YOUR INSTRUCTIONS: When you write out the listing, keep every character and omit the pictures.

EXTRACTED RECORDS:
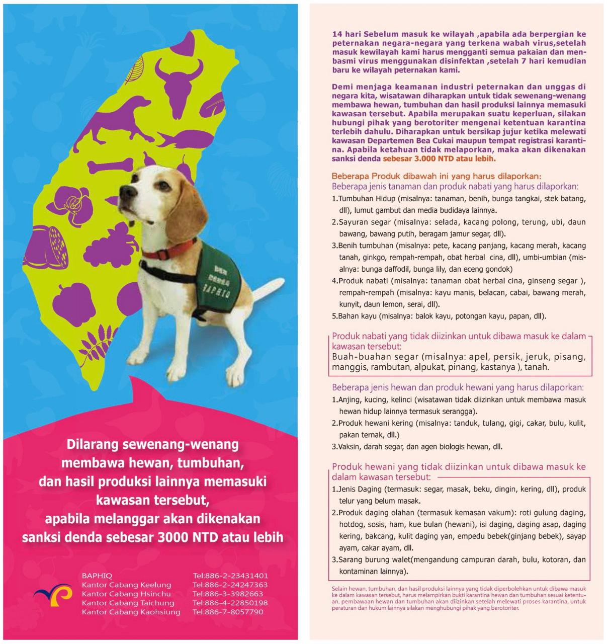 Dilarang membawa hewan, tumbuhan, dan hasil produksi lainnya memasuki Taiwan. Apabila melanggar akan dikenakan sanksi denda lebih dari NTD 3,000. Kalau membawah produks dangin dari daerah epidemi (contohnya Cina), akan dikenakan sanksi denda sebesar NTD 1 juta (kurang-lebih Rp. 470,000,000).
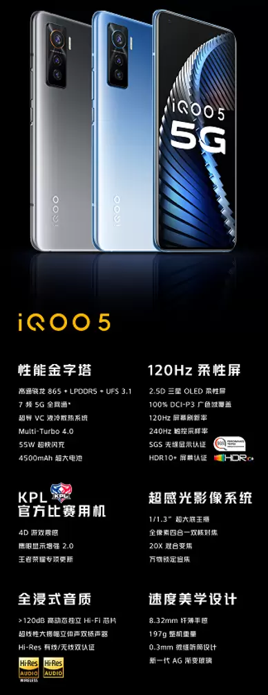 iQOO 5系列包括iQOO 5、iQOO 5 Pro两款产品,采用了骁龙865移动平台+LPDDR5内存+UFS 3.1闪存组合,支持7频5G网络,配备一块2.5D三星OLED柔性屏,刷新率为120Hz,触控采样率为240Hz,可以带来灵敏又跟手的触控体验。iQOO 5 Pro支持120W超快闪充,15分钟可将手机电量充入100%,并通过了德莱茵TUV安全快充认证; 此外,iQOO 5配备了一块4500mAh大电池,支持55W超快闪充,机身厚度为8.32mm,整机重量为197g,采用新一代AG渐变玻璃设计,有星溯、皓影两种配色可选。
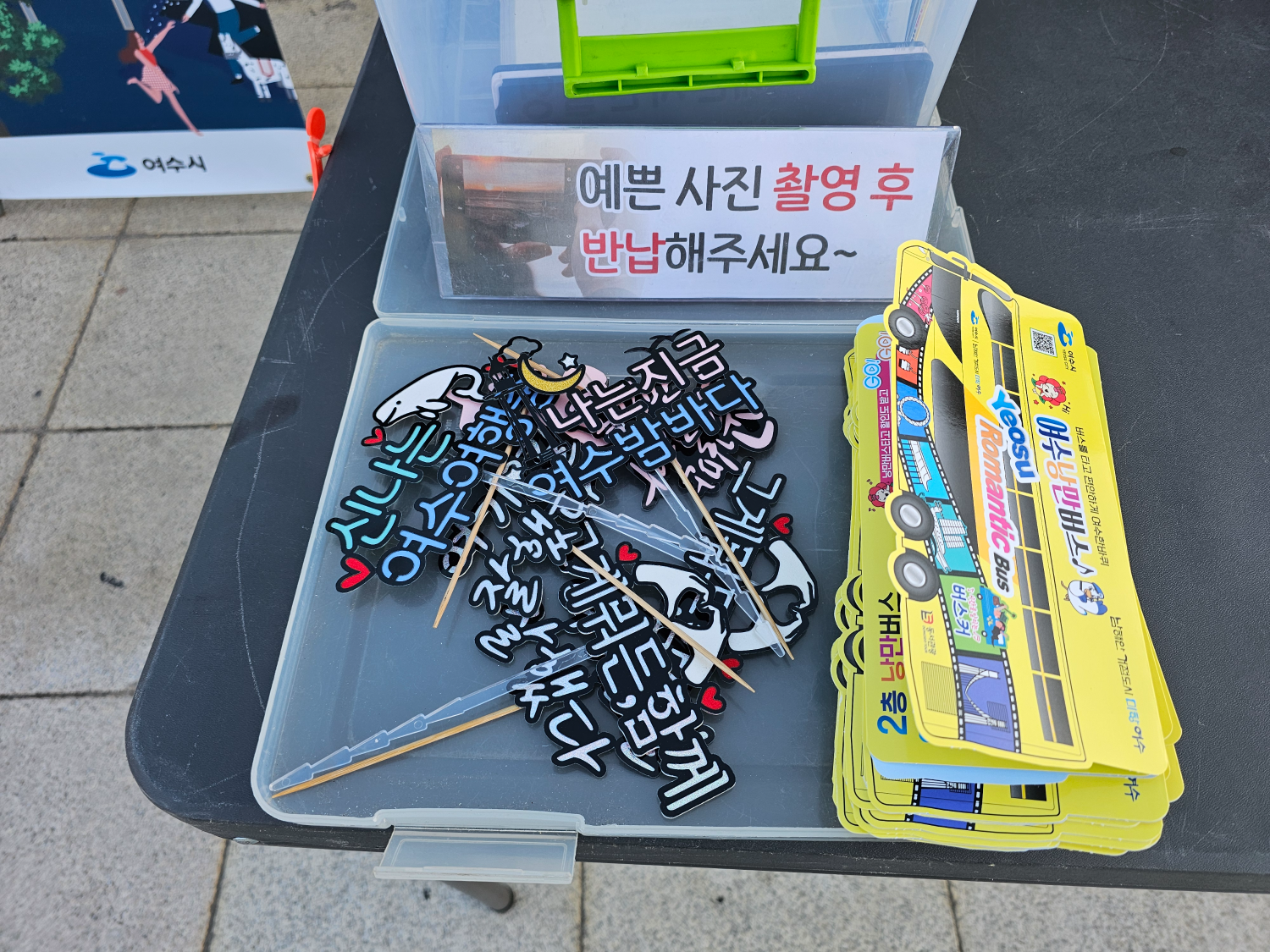 접수 확인처에는 이렇게 여수여행 관련 토퍼가 놓여져 있는데, 이걸 빌려서 이 일대에서 재밌는 인증 사진도 촬영할 수 있습니다.
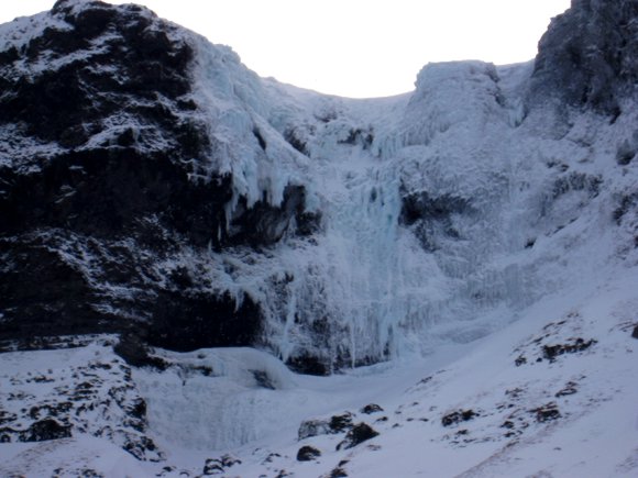 I admit I've tweaked the colour balance on this image - and still didn't get what I really saw. These giant icicles looked *so* blue from miles away and really stood out, but my camera couldn't capture that. Oh well. |
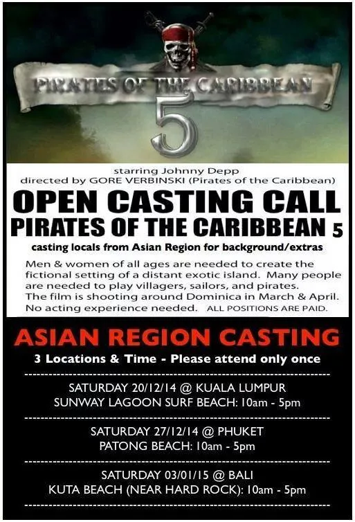 As stated in the poster above, there’s a rumoured open casting call for “Pirates of The Caribbean 5”, casting locals from Asian region for background/extras. It also goes on to say that men and women of all ages are needed to create the fictional setting of a distance exotic island, to play villagers, sailors, and pirates. Best of all, no real acting experience is actually needed for positions that will be paid. Also, it states that “Pirates of The Caribbean 5” film will be shooting around Dominica in March and April. Whoa, wait. Hold up.
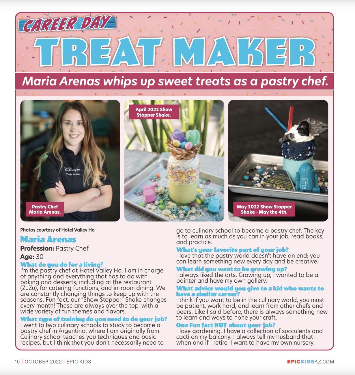 I’m the pastry chef at Hotel Valley Ho. I am in charge of anything and everything that has to do with baking and desserts, including at the restaurant (ZuZu), for catering functions, and in-room dining. We are constantly changing things to keep up with the seasons. Fun fact, our “Show Stopper” Shake changes every month! These are always over the top, with a wide variety of fun themes and flavors.
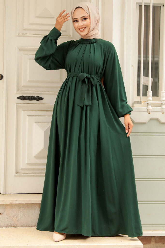 فستان حجاب أخضر زمردي بحزام 330113zy
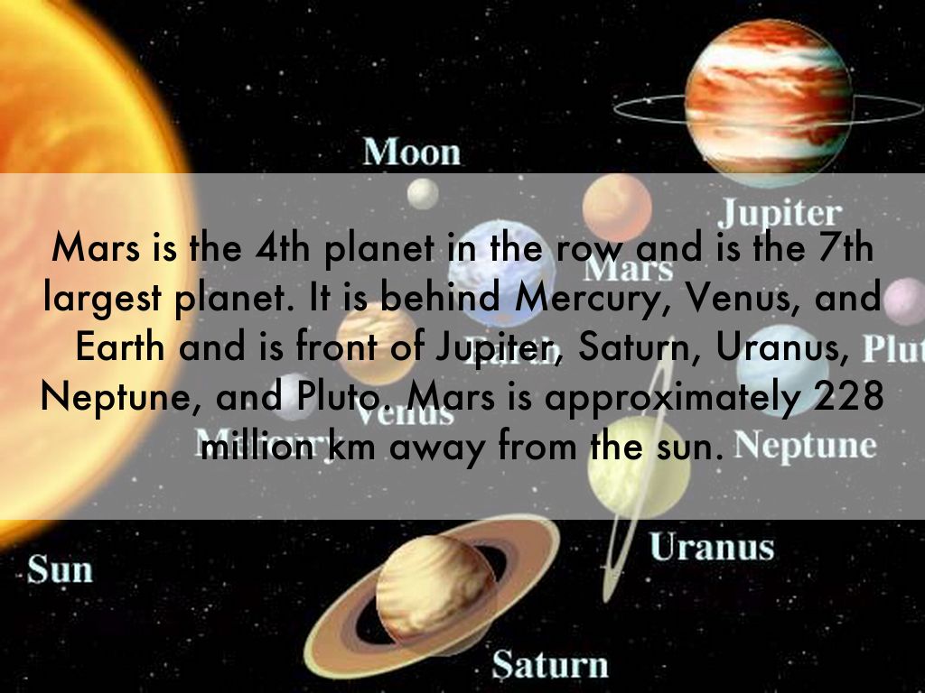 Mars is the 4th planet in the row and is the 7th largest planet. It is behind Mercury, Venus, and Earth and is front of Jupiter, Saturn, Uranus, Neptune, and Pluto. Mars is approximately 228 million km away from the sun.
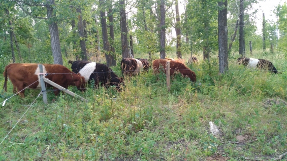 Our cattle forage for grass and forbs year round. In winter when forage is limited we feed supplemental hay from our own haylands. Chemical free! We use stress free management and low pressure handling systems. In fact, our cattle follow us to new pastures instead of being herded! We limit the number of cattle on our land to ensure sustainability.
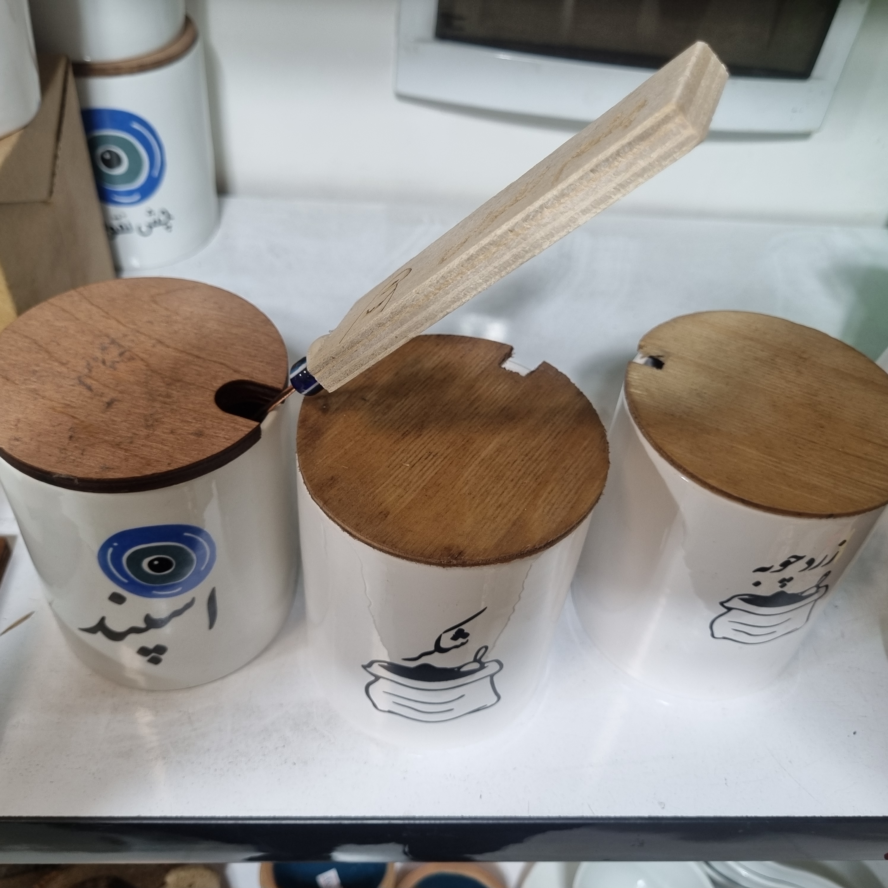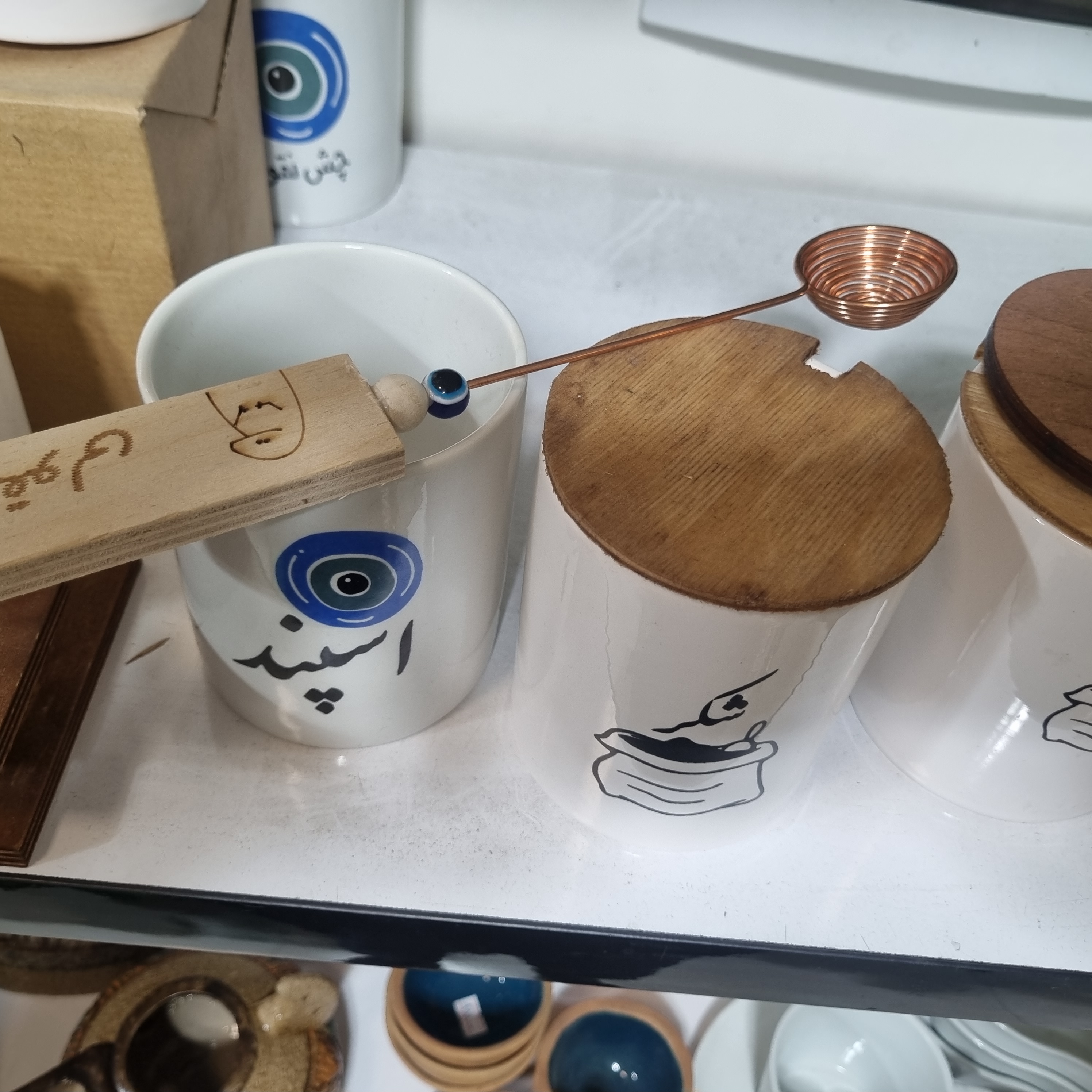 ابعاد هر ظرف حدود ۱۵×۸ سانتیمتر، جنس سرامیک با درب چوبی، شامل چند پاسماوری بههمراه جااسپندی دودکن، طراحی سنتی و مدرن، کد محصول CN1012.
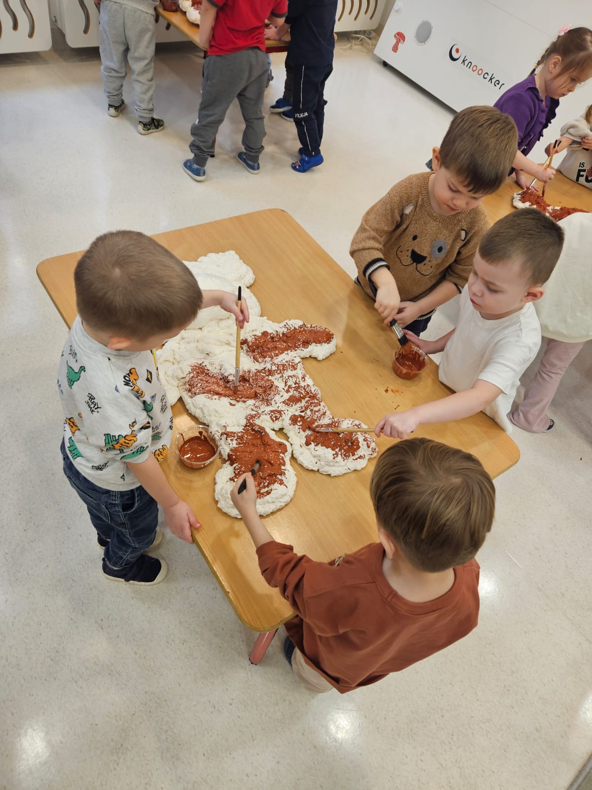 Dzieci przygotowują pizzę na stole w przedszkolu
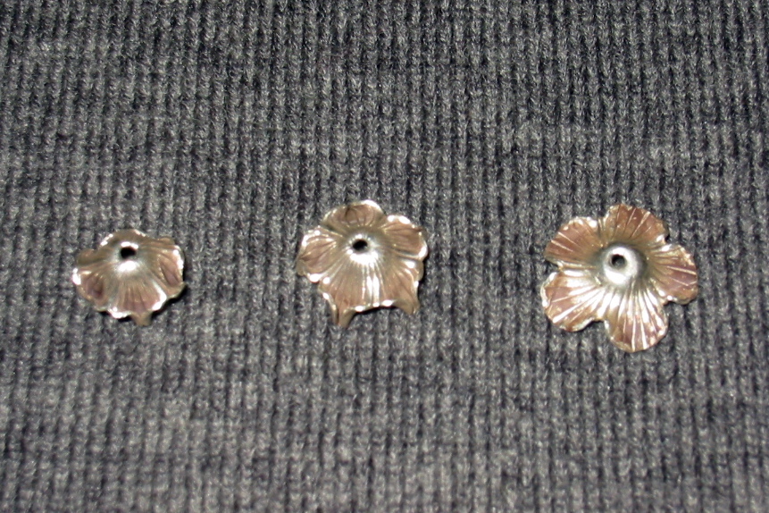 The leftmost one if how they started. The center one is how far I'd squashed them to fit on the blue bead. The rightmost is the squashing required to make them fit on the big fat green bead. |
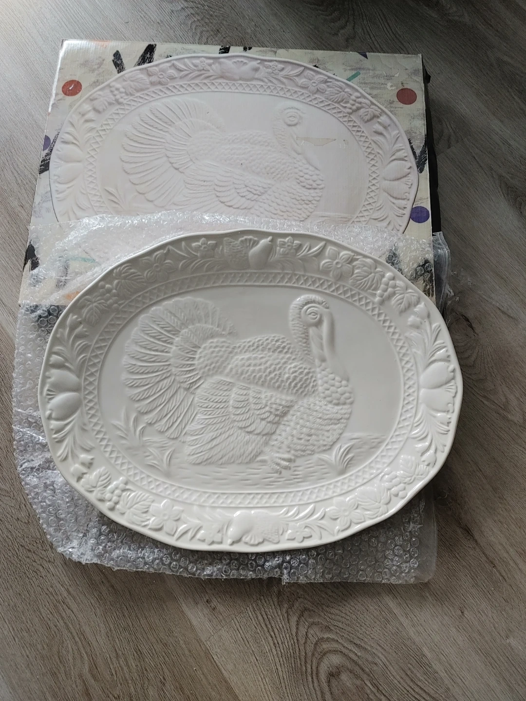 Serving platter, embossed with a detailed turkey design. It is perfect for holiday dinners or adding a touch of rustic charm to your table setting! It comes in their original box for easy storage.
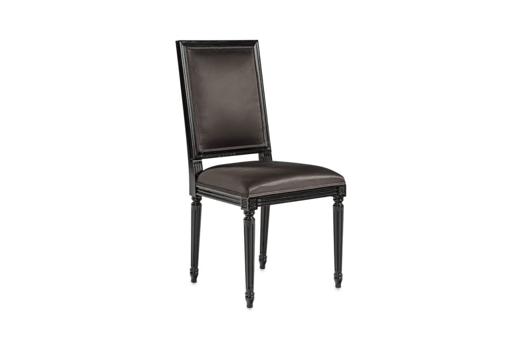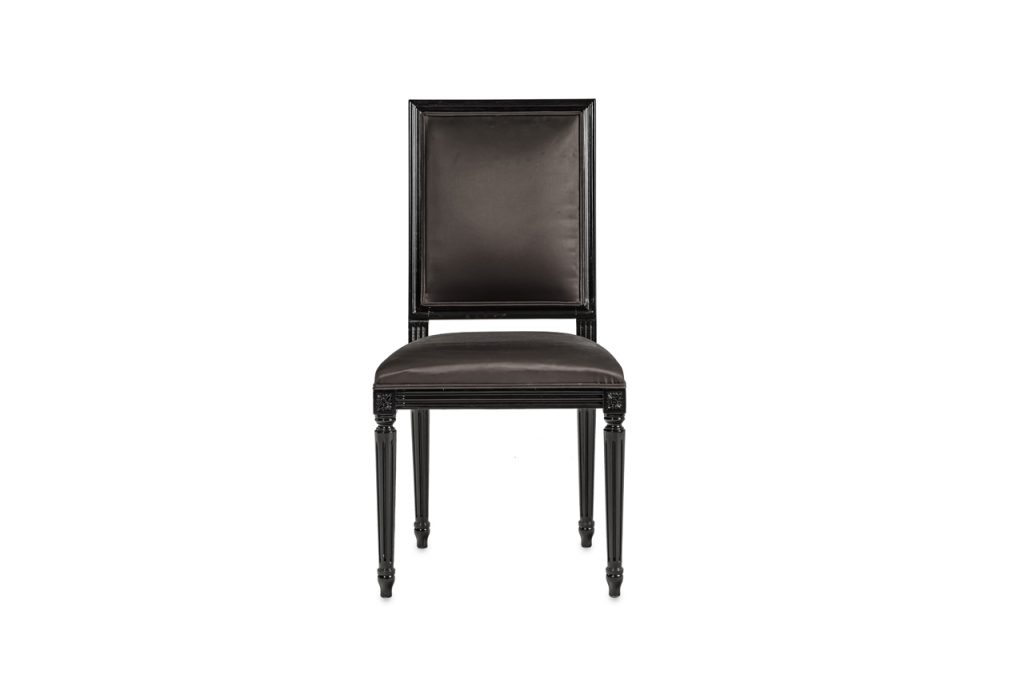 Set of four high back dining chairs - Dining chairs feature a black wooden structure - Ral#8022. The seat back and cushion are upholstered in a black fabric.
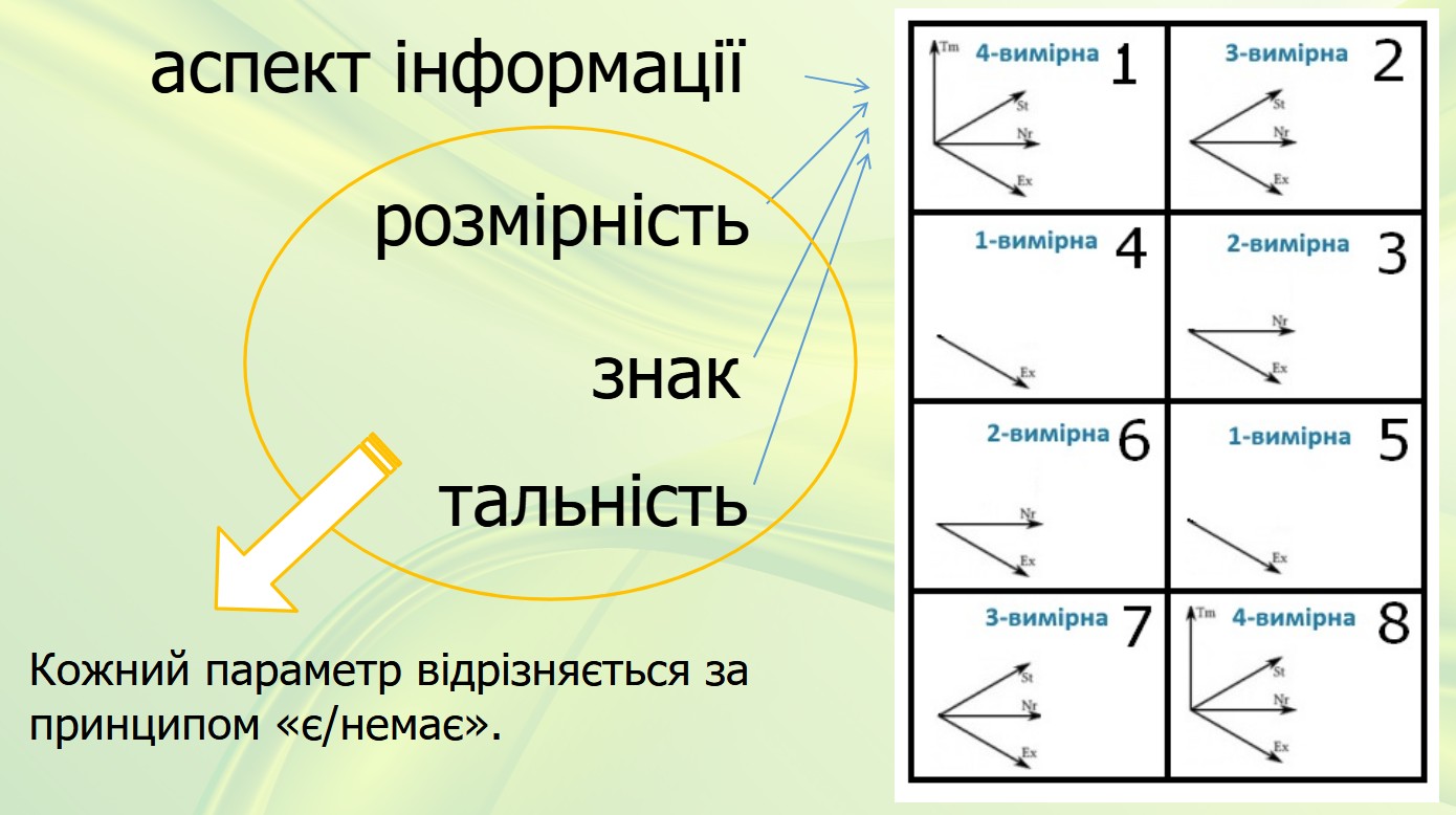 3. Розмірність - 4: досвід (Ex), норми (Nr), ситуативність (St), час (Tm)

RESPONSE:
 Dilarang membawa hewan, tumbuhan, dan hasil produksi lainnya memasuki Taiwan. Apabila melanggar akan dikenakan sanksi denda lebih dari NTD 3,000. Kalau membawah produks dangin dari daerah epidemi (contohnya Cina), akan dikenakan sanksi denda sebesar NTD 1 juta (kurang-lebih Rp. 470,000,000).
 iQOO 5系列包括iQOO 5、iQOO 5 Pro两款产品,采用了骁龙865移动平台+LPDDR5内存+UFS 3.1闪存组合,支持7频5G网络,配备一块2.5D三星OLED柔性屏,刷新率为120Hz,触控采样率为240Hz,可以带来灵敏又跟手的触控体验。iQOO 5 Pro支持120W超快闪充,15分钟可将手机电量充入100%,并通过了德莱茵TUV安全快充认证; 此外,iQOO 5配备了一块4500mAh大电池,支持55W超快闪充,机身厚度为8.32mm,整机重量为197g,采用新一代AG渐变玻璃设计,有星溯、皓影两种配色可选。
 접수 확인처에는 이렇게 여수여행 관련 토퍼가 놓여져 있는데, 이걸 빌려서 이 일대에서 재밌는 인증 사진도 촬영할 수 있습니다.
 I admit I've tweaked the colour balance on this image - and still didn't get what I really saw. These giant icicles looked *so* blue from miles away and really stood out, but my camera couldn't capture that. Oh well. |
 As stated in the poster above, there’s a rumoured open casting call for “Pirates of The Caribbean 5”, casting locals from Asian region for background/extras. It also goes on to say that men and women of all ages are needed to create the fictional setting of a distance exotic island, to play villagers, sailors, and pirates. Best of all, no real acting experience is actually needed for positions that will be paid. Also, it states that “Pirates of The Caribbean 5” film will be shooting around Dominica in March and April. Whoa, wait. Hold up.
 I’m the pastry chef at Hotel Valley Ho. I am in charge of anything and everything that has to do with baking and desserts, including at the restaurant (ZuZu), for catering functions, and in-room dining. We are constantly changing things to keep up with the seasons. Fun fact, our “Show Stopper” Shake changes every month! These are always over the top, with a wide variety of fun themes and flavors.
 فستان حجاب أخضر زمردي بحزام 330113zy
 Mars is the 4th planet in the row and is the 7th largest planet. It is behind Mercury, Venus, and Earth and is front of Jupiter, Saturn, Uranus, Neptune, and Pluto. Mars is approximately 228 million km away from the sun.
 Our cattle forage for grass and forbs year round. In winter when forage is limited we feed supplemental hay from our own haylands. Chemical free! We use stress free management and low pressure handling systems. In fact, our cattle follow us to new pastures instead of being herded! We limit the number of cattle on our land to ensure sustainability.
 ابعاد هر ظرف حدود ۱۵×۸ سانتیمتر، جنس سرامیک با درب چوبی، شامل چند پاسماوری بههمراه جااسپندی دودکن، طراحی سنتی و مدرن، کد محصول CN1012.
 Dzieci przygotowują pizzę na stole w przedszkolu
 The leftmost one if how they started. The center one is how far I'd squashed them to fit on the blue bead. The rightmost is the squashing required to make them fit on the big fat green bead. |
 Serving platter, embossed with a detailed turkey design. It is perfect for holiday dinners or adding a touch of rustic charm to your table setting! It comes in their original box for easy storage.
 Set of four high back dining chairs - Dining chairs feature a black wooden structure - Ral#8022. The seat back and cushion are upholstered in a black fabric.
 3. Розмірність - 4: досвід (Ex), норми (Nr), ситуативність (St), час (Tm)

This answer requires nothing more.